This function opens the dataset and extracts the English and French sentences from each line, ignoring metadata and attribution text.

In [4]:
# Load spaCy models
spacy_en = spacy.load('en_core_web_sm')
spacy_fr = spacy.load('fr_core_news_sm')

def load_data(file_path):
    """Load and preprocess data from file."""
    data = []
    with open(file_path, 'r', encoding='utf-8') as file:
        for line in file:
            src, trg, _ = line.strip().split('\t', 2)
            data.append((src, trg))
    return data

**Tokenization:**

Depending on the language, the appropriate spaCy tokenizer is applied. This is handled in a separate function to keep tokenization modular and reusable.

In [5]:
def tokenize(data, lang):
    """Tokenize sentences using the specified spaCy tokenizer."""
    tokenizer = spacy_en.tokenizer if lang == 'en' else spacy_fr.tokenizer
    tokenized_data = []
    for src, trg in data:
        sentence = src if lang == 'en' else trg
        tokenized_sentence = [token.text for token in tokenizer(sentence)]
        tokenized_data.append(tokenized_sentence)
    return tokenized_data

**Yield Tokens:**

This generator function is used to iterate over the data for building the vocabulary.

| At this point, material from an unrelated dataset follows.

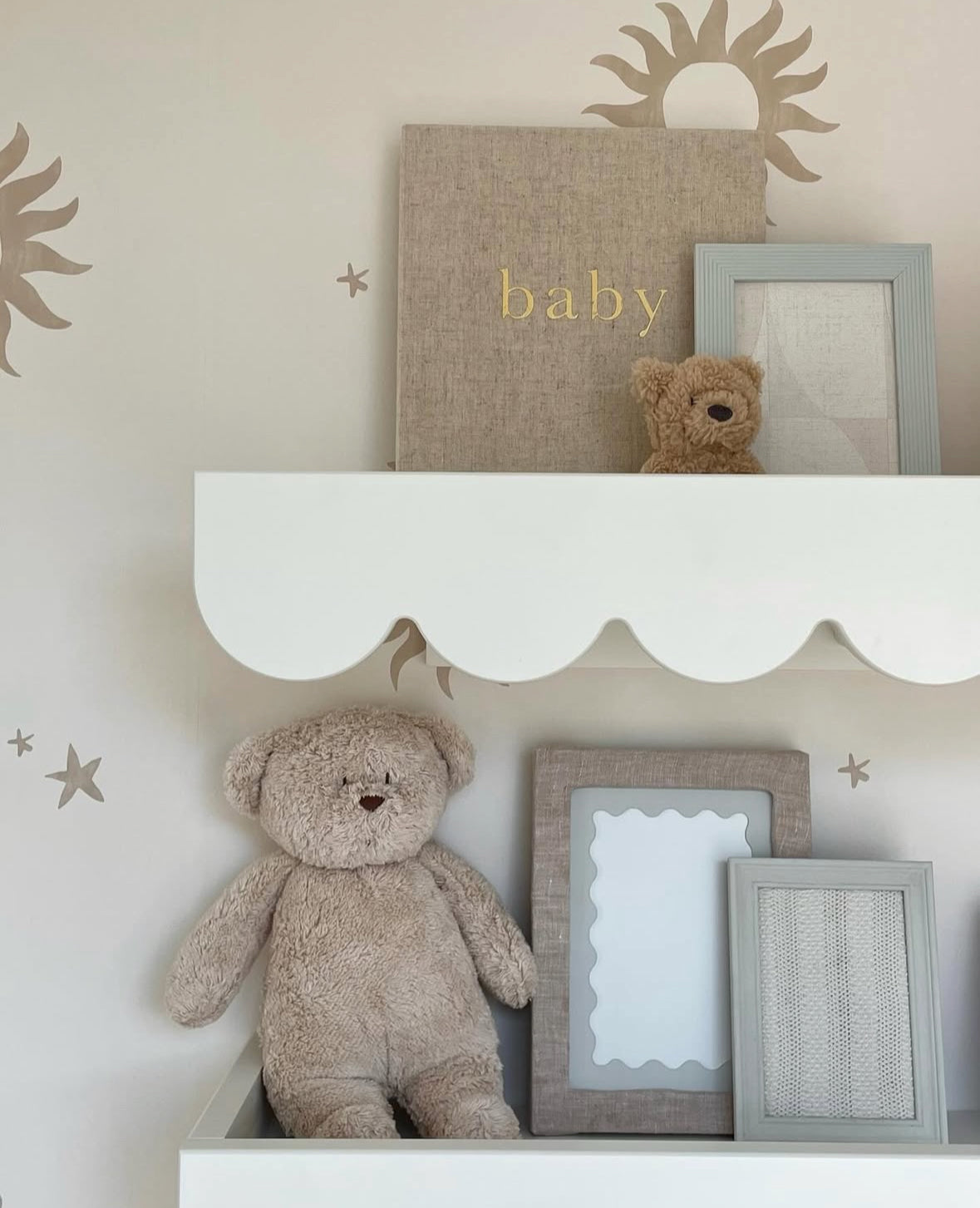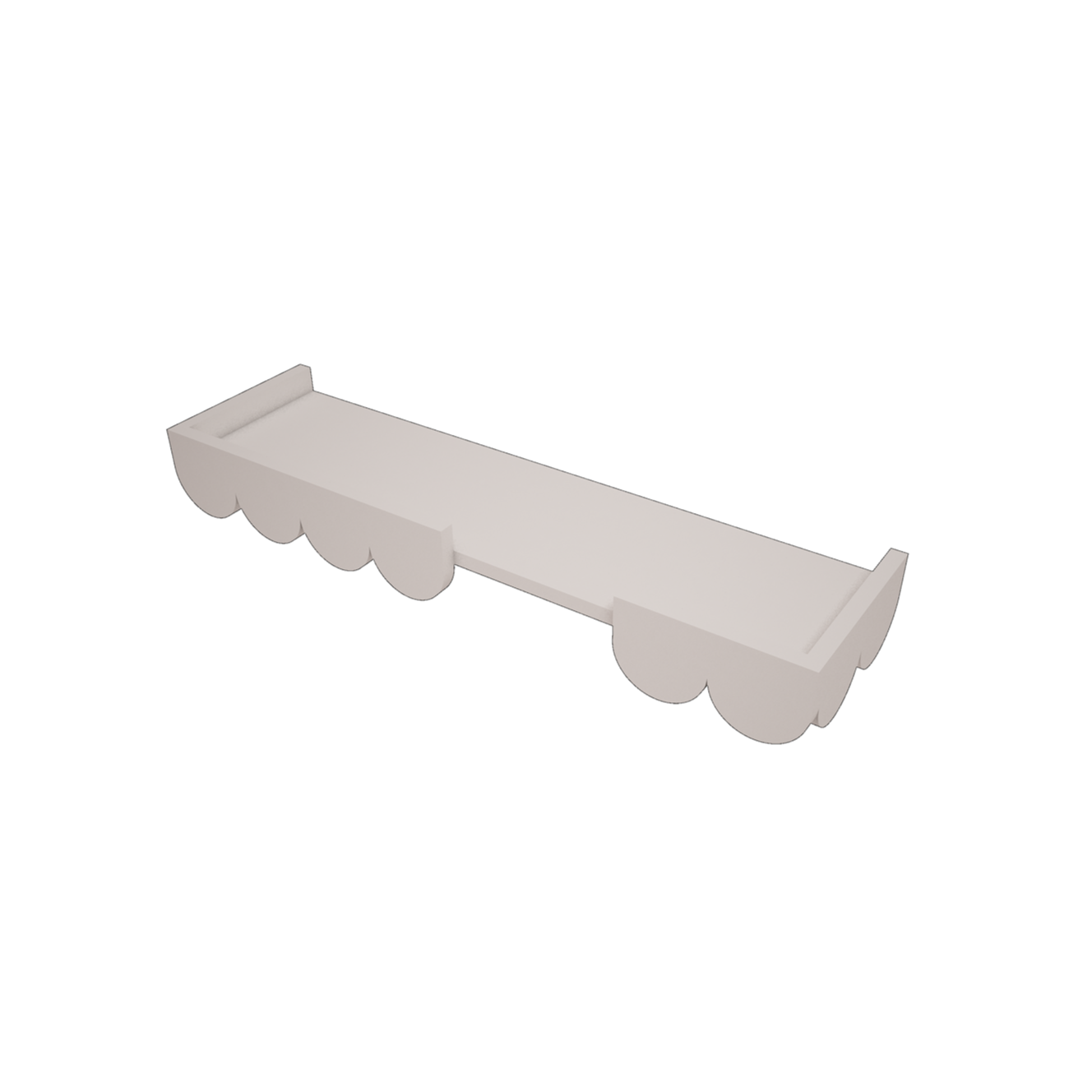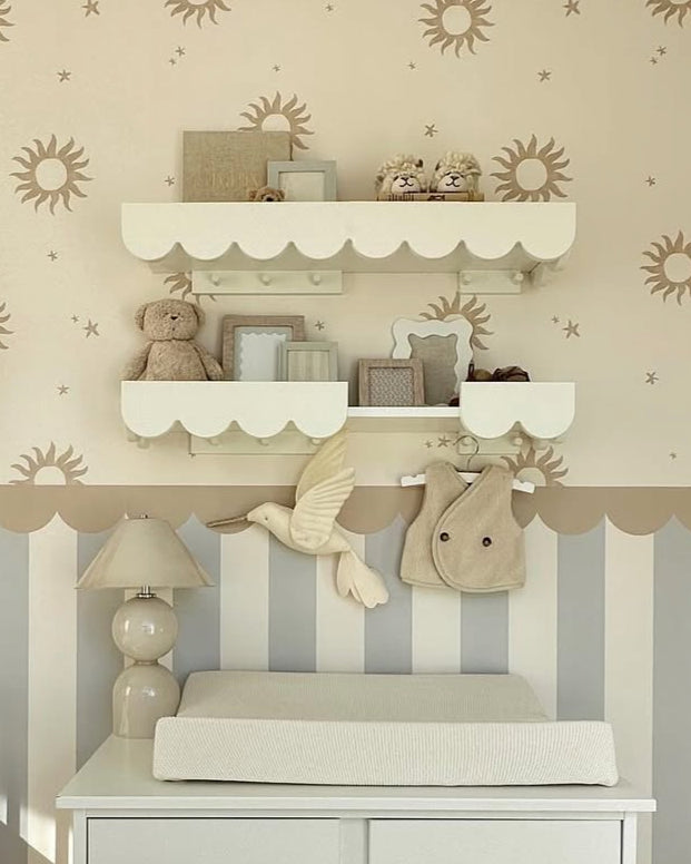 Wandplank met schulpenrand met 5 kapstok haakjes eronder. De geschulpte rand is kenmerkend voor de Babushka lijn van Wood Luck. De wandplank staat bijvoorbeeld mooi boven een Wood Luck commode.
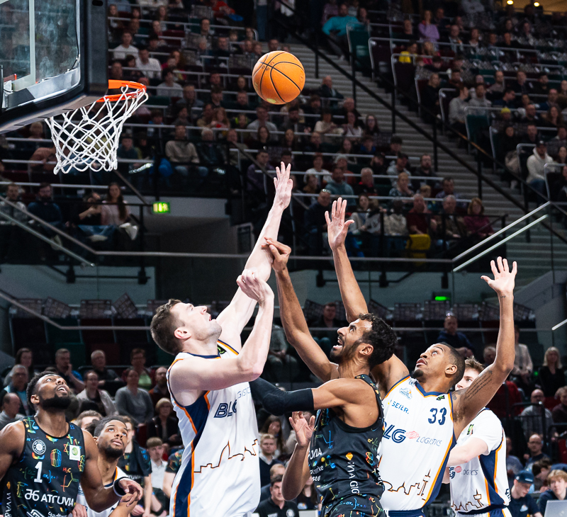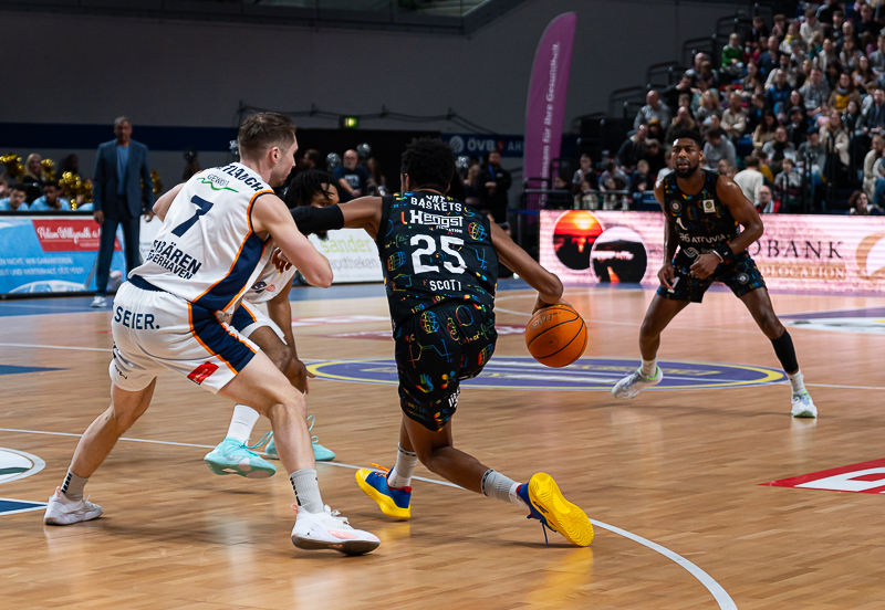 Trotz der Rekordzuschauerzahl und der deutlichen Mehrheit an Eisbären-Fans in der ÖVB-Arena ließen sich die Gäste nicht beirren und kamen gut ins Spiel. Aber auch die Seestädter gaben in der Anfangsphase ordentlich Gas in der Offensive. Robert Oehle sorgte mit seinem Treffer zum 2:1 für die erste Führung der Gastgeber. Es folgte ein spannender Schlagabtausch, bei dem die Eisbären durch Dreier von Nick Hornsby, Aaron Cook und Lenny Larysz die Baskets nicht von dannen ziehen ließen. Mit einem leichten Vorsprung der Gäste und einem Spielstand von 20:24 endete das erste Viertel.

It includes <start> and <end> tokens in each sequence, which are essential for the LSTM model's training and inference phases.

In [6]:
def yield_tokens(data, lang):
    """Yield tokens for vocabulary building."""
    for sentence in tokenize(data, lang):
        yield ['<start>'] + sentence + ['<end>']

In [7]:
data_path = 'dataset/fra.txt'
data = load_data(data_path)

# Build vocabularies
vocab_en = build_vocab_from_iterator(yield_tokens(data, 'en'), specials=['<unk>', '<start>', '<end>'])
vocab_fr = build_vocab_from_iterator(yield_tokens(data, 'fr'), specials=['<unk>', '<start>', '<end>'])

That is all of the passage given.